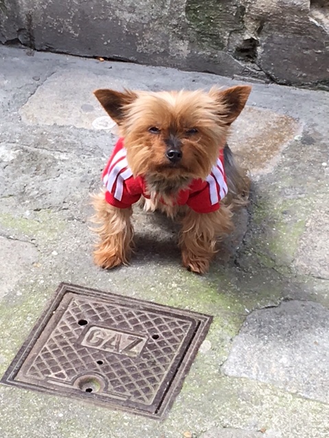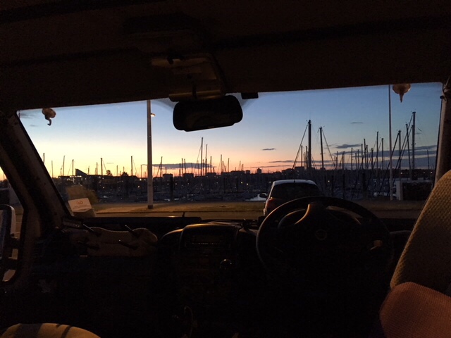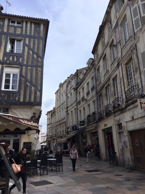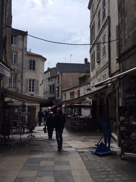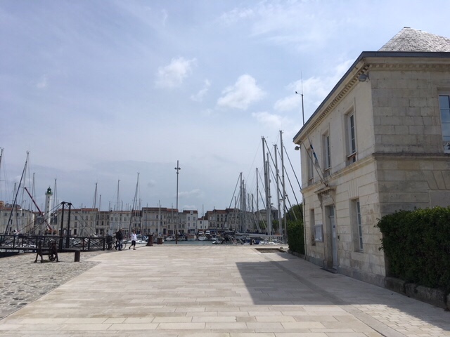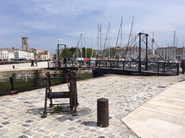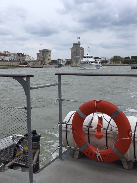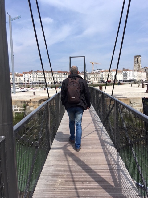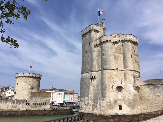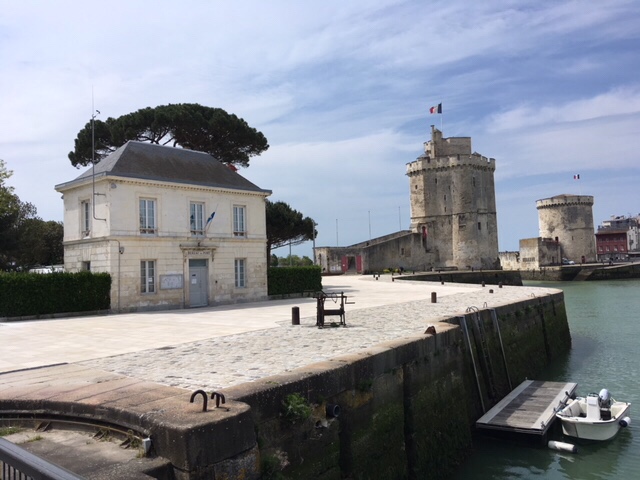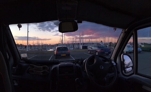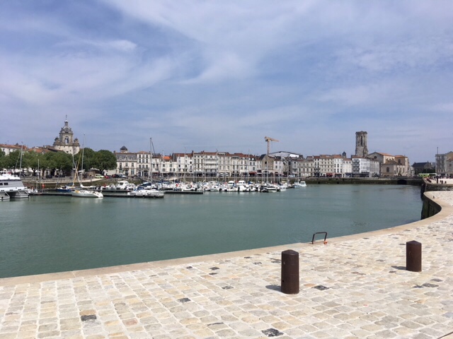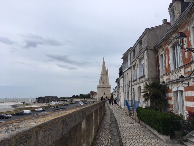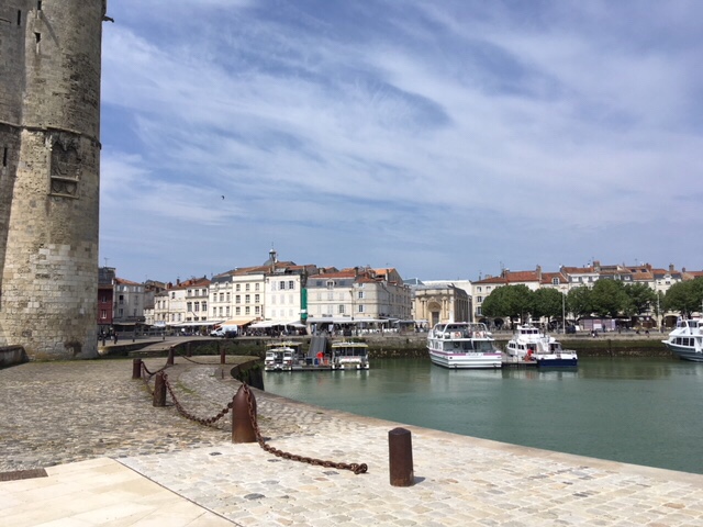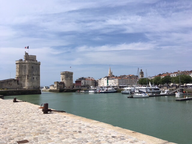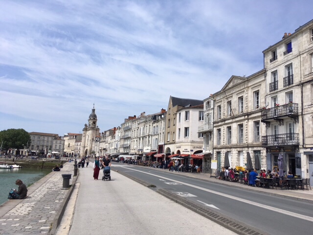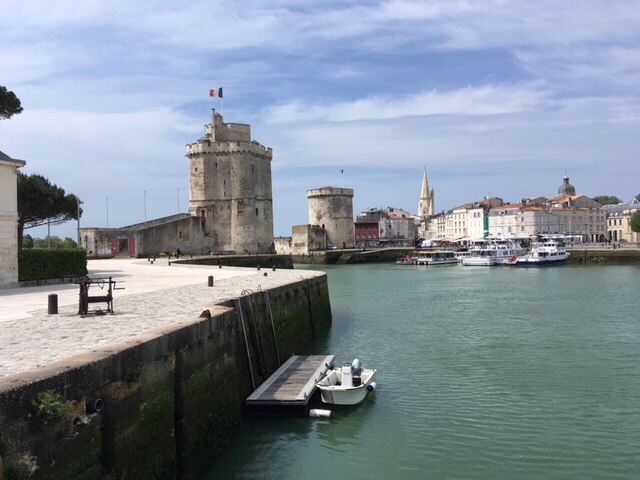 After dinner on board, I fancied a stroll, but Sophie was a bit tired, plus still nursing a bruised little toe, so I thought I’d wander into La Rochelle. It was a lovely evening, although the wind was cold, but it’s a straightforward and interesting 30 minute walk along the large marina, then by the sea as you approach the iconic towers, where the harbour to La Rochelle’s old town is. I had a nose round the town, doing a bit of research into restaurants for lunch the next day. By the time I’d returned, Sophie’d got talking to a Scottish lady in the next van along, who was taking a year out to travel through Europe, with her three dogs.
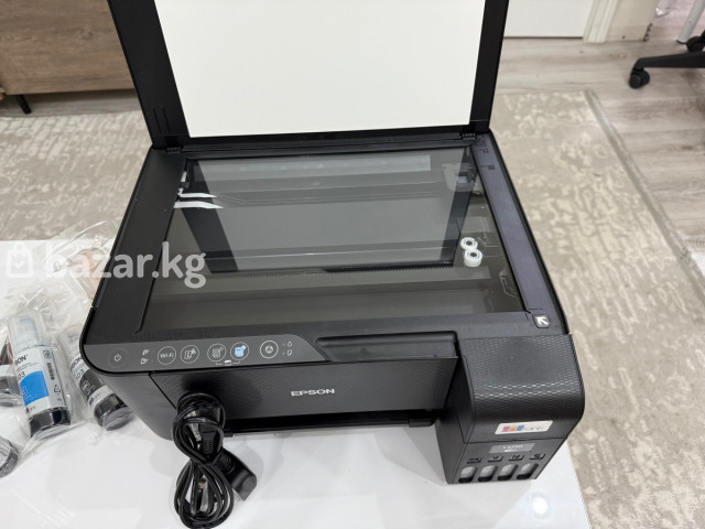 МФУ Epson с системой непрерывной подачи чернил (EcoTank) - Функции: печать, копирование, сканирование (планшетный сканер). - Технология печати: струйная, цветная. - Встроенные чернильные резервуары EcoTank с прозрачными окнами уровня и отдельными емкостями для C/M/Y/K. - Управление: панель с кнопками, индикация, отдельные клавиши для копирования и Wi‑Fi. - Подключение: Wi‑Fi и USB. - Лоток подачи бумаги расположен сзади, регулировка направляющих. - Совместимые чернила: оригинальные флаконы Epson серии 103 (на фото — комплект CMYK в индивидуальных запечатанных пакетах). - В комплекте: устройство, сетевой кабель, флаконы чернил 103 (C, M, Y, K). Подходит для домашней и офисной печати: документы, цветные материалы и фотографии. Экономичный расход за счет больших емкостей чернил и простая дозаправка из флаконов. Сканер с крышкой формата A4 обеспечивает точное копирование и оцифровку. Wi‑Fi позволяет печатать с компьютеров и мобильных устройств в сети.
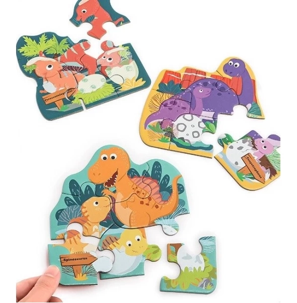 Scopri il divertimento con un puzzle per bambini in un originale packaging a forma di uovo. Il set include 3 puzzle separati da 6 pezzi ciascuno con motivi di dinosauri. I pezzi sono contrassegnati sul retro con la stessa stampa e la numerazione per un ordinamento più semplice e un assemblaggio rapido. L’uovo di plastica si apre facilmente e funge da pratico contenitore per i puzzle e i piccoli tesori.
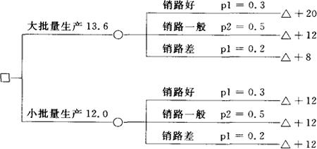 描述决策过程的树状操作程序图。 用于处理多阶段和多种可能的问题决策方法。具体做法是将各种可能的决策方案按阶段及其相互联系,用树形图表示出来。任何可能的有关情况和概率都出现在相应的分支上,然后运用概率的方法求出方案的损益值,最后按决策原则和程序进行优化。其中有三种结点:(1)□表示决策结点。 从它引出的分支称为方案分支,分支数反映可能的行动方案数。(2)〇表示方案结点。 它上面的数字表示该方案的效益期望值,从它引出的分支称为概率分支,分支数反映了可能出现的事件数,每条分支上面标明了这一事件出现的概率。(3)△表示结果结点。 亦称末梢。它旁边的数字是每一方案在相应事件状态下的效益值。 在决策时,首先应按问题的性质绘制决策树;然后根据事件出现的概率和效益值,计算出各事件的效益期望值;最后就可以根据各方案结点的效益期望值大小作出决策。在图中所示,大批量生产的效益期望值为0.3×20+0.5×12+0.2×8=13.6,小批量生产的效益期望值为0.3×12+0.5×12+0.2×12=12.0。 因此,做出的决策是大批量生产。
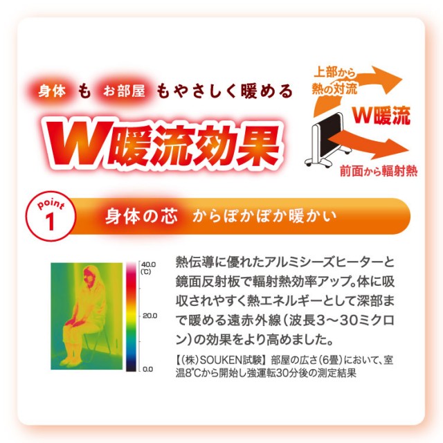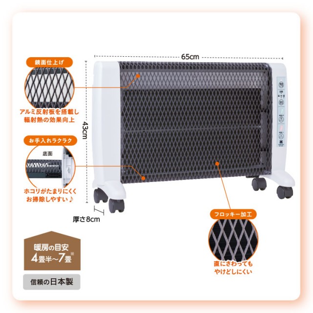- 遠赤外線の輻射熱を効率よく利用しているので、衣類や紙などが触れてもすぐに燃えることはありません。さらにお肌が触れてもヤケドの心配が少なくなるよう<フロッキー加工>を施しています。<転倒時安全装置>を採用しています。
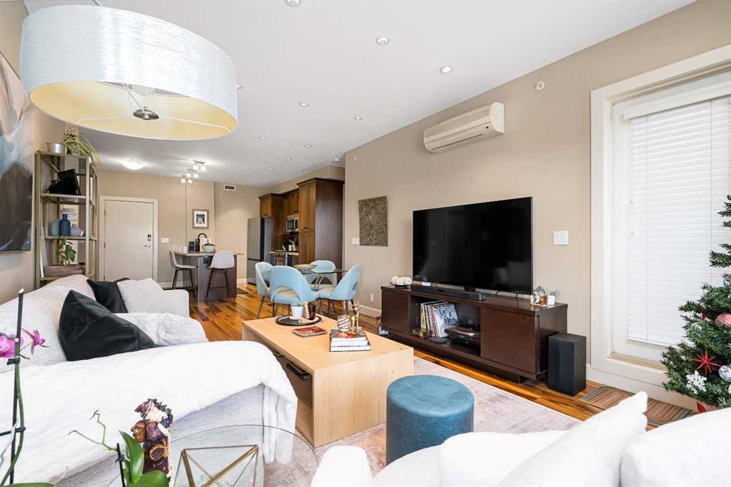 Welcome to this top floor condo in Providence Kensington, ideally located in the heart of Hillhurst, one of Calgary’s most desirable inner city communities. This beautifully maintained 2 bedroom, 2 bathroom condominium offers executive finishes, a functional open-concept layout, and an unbeatable walkable lifestyle, just steps from Kensington shops and restaurants, the Bow River pathway system, public transit, and downtown Calgary. The interior features 9 foot ceilings, Brazilian Tigerwood hardwood flooring, air conditioning, and a warm, modern neutral colour palette. The chef-inspired kitchen is both stylish and practical with walnut cabinetry, granite countertops, stainless steel appliances, a natural gas stove, corner pantry, and an island with breakfast bar, perfect for entertaining. The refrigerator, washer, dryer, and kitchen faucet are all under one year old, offering added value and peace of mind for the next owner. The bright living room opens to a spacious north facing balcony with tranquil views overlooking the St. John Centre and surrounding green space. The thoughtfully designed floor plan places the bedrooms on opposite sides of the unit, ideal for privacy, guests, or a work-from-home setup. The primary bedroom retreat includes a walk-through closet and a generous 5-piece ensuite with dual sinks and an oversized walk-in shower. The second bedroom features a walk-in closet and is conveniently located next to the 4 piece bathroom and insuite laundry. Additional features include one titled underground parking stall, a dedicated storage locker, access to a fitness centre, and a secure bicycle storage room. North facing, top floor condos in Providence Kensington rarely come to market, making this a fantastic opportunity for professionals, downsizers, or investors seeking a premium inner-city Calgary condo. Don’t miss your chance to own in one of Calgary’s most vibrant communities!

==================================================

**Action item**
Can the entries above be repeated exactly, without their pictures?

**Reply to the task**
 After dinner on board, I fancied a stroll, but Sophie was a bit tired, plus still nursing a bruised little toe, so I thought I’d wander into La Rochelle. It was a lovely evening, although the wind was cold, but it’s a straightforward and interesting 30 minute walk along the large marina, then by the sea as you approach the iconic towers, where the harbour to La Rochelle’s old town is. I had a nose round the town, doing a bit of research into restaurants for lunch the next day. By the time I’d returned, Sophie’d got talking to a Scottish lady in the next van along, who was taking a year out to travel through Europe, with her three dogs.
 МФУ Epson с системой непрерывной подачи чернил (EcoTank) - Функции: печать, копирование, сканирование (планшетный сканер). - Технология печати: струйная, цветная. - Встроенные чернильные резервуары EcoTank с прозрачными окнами уровня и отдельными емкостями для C/M/Y/K. - Управление: панель с кнопками, индикация, отдельные клавиши для копирования и Wi‑Fi. - Подключение: Wi‑Fi и USB. - Лоток подачи бумаги расположен сзади, регулировка направляющих. - Совместимые чернила: оригинальные флаконы Epson серии 103 (на фото — комплект CMYK в индивидуальных запечатанных пакетах). - В комплекте: устройство, сетевой кабель, флаконы чернил 103 (C, M, Y, K). Подходит для домашней и офисной печати: документы, цветные материалы и фотографии. Экономичный расход за счет больших емкостей чернил и простая дозаправка из флаконов. Сканер с крышкой формата A4 обеспечивает точное копирование и оцифровку. Wi‑Fi позволяет печатать с компьютеров и мобильных устройств в сети.
 Scopri il divertimento con un puzzle per bambini in un originale packaging a forma di uovo. Il set include 3 puzzle separati da 6 pezzi ciascuno con motivi di dinosauri. I pezzi sono contrassegnati sul retro con la stessa stampa e la numerazione per un ordinamento più semplice e un assemblaggio rapido. L’uovo di plastica si apre facilmente e funge da pratico contenitore per i puzzle e i piccoli tesori.
 描述决策过程的树状操作程序图。 用于处理多阶段和多种可能的问题决策方法。具体做法是将各种可能的决策方案按阶段及其相互联系,用树形图表示出来。任何可能的有关情况和概率都出现在相应的分支上,然后运用概率的方法求出方案的损益值,最后按决策原则和程序进行优化。其中有三种结点:(1)□表示决策结点。 从它引出的分支称为方案分支,分支数反映可能的行动方案数。(2)〇表示方案结点。 它上面的数字表示该方案的效益期望值,从它引出的分支称为概率分支,分支数反映了可能出现的事件数,每条分支上面标明了这一事件出现的概率。(3)△表示结果结点。 亦称末梢。它旁边的数字是每一方案在相应事件状态下的效益值。 在决策时,首先应按问题的性质绘制决策树;然后根据事件出现的概率和效益值,计算出各事件的效益期望值;最后就可以根据各方案结点的效益期望值大小作出决策。在图中所示,大批量生产的效益期望值为0.3×20+0.5×12+0.2×8=13.6,小批量生产的效益期望值为0.3×12+0.5×12+0.2×12=12.0。 因此,做出的决策是大批量生产。
- 遠赤外線の輻射熱を効率よく利用しているので、衣類や紙などが触れてもすぐに燃えることはありません。さらにお肌が触れてもヤケドの心配が少なくなるよう<フロッキー加工>を施しています。<転倒時安全装置>を採用しています。
 Welcome to this top floor condo in Providence Kensington, ideally located in the heart of Hillhurst, one of Calgary’s most desirable inner city communities. This beautifully maintained 2 bedroom, 2 bathroom condominium offers executive finishes, a functional open-concept layout, and an unbeatable walkable lifestyle, just steps from Kensington shops and restaurants, the Bow River pathway system, public transit, and downtown Calgary. The interior features 9 foot ceilings, Brazilian Tigerwood hardwood flooring, air conditioning, and a warm, modern neutral colour palette. The chef-inspired kitchen is both stylish and practical with walnut cabinetry, granite countertops, stainless steel appliances, a natural gas stove, corner pantry, and an island with breakfast bar, perfect for entertaining. The refrigerator, washer, dryer, and kitchen faucet are all under one year old, offering added value and peace of mind for the next owner. The bright living room opens to a spacious north facing balcony with tranquil views overlooking the St. John Centre and surrounding green space. The thoughtfully designed floor plan places the bedrooms on opposite sides of the unit, ideal for privacy, guests, or a work-from-home setup. The primary bedroom retreat includes a walk-through closet and a generous 5-piece ensuite with dual sinks and an oversized walk-in shower. The second bedroom features a walk-in closet and is conveniently located next to the 4 piece bathroom and insuite laundry. Additional features include one titled underground parking stall, a dedicated storage locker, access to a fitness centre, and a secure bicycle storage room. North facing, top floor condos in Providence Kensington rarely come to market, making this a fantastic opportunity for professionals, downsizers, or investors seeking a premium inner-city Calgary condo. Don’t miss your chance to own in one of Calgary’s most vibrant communities!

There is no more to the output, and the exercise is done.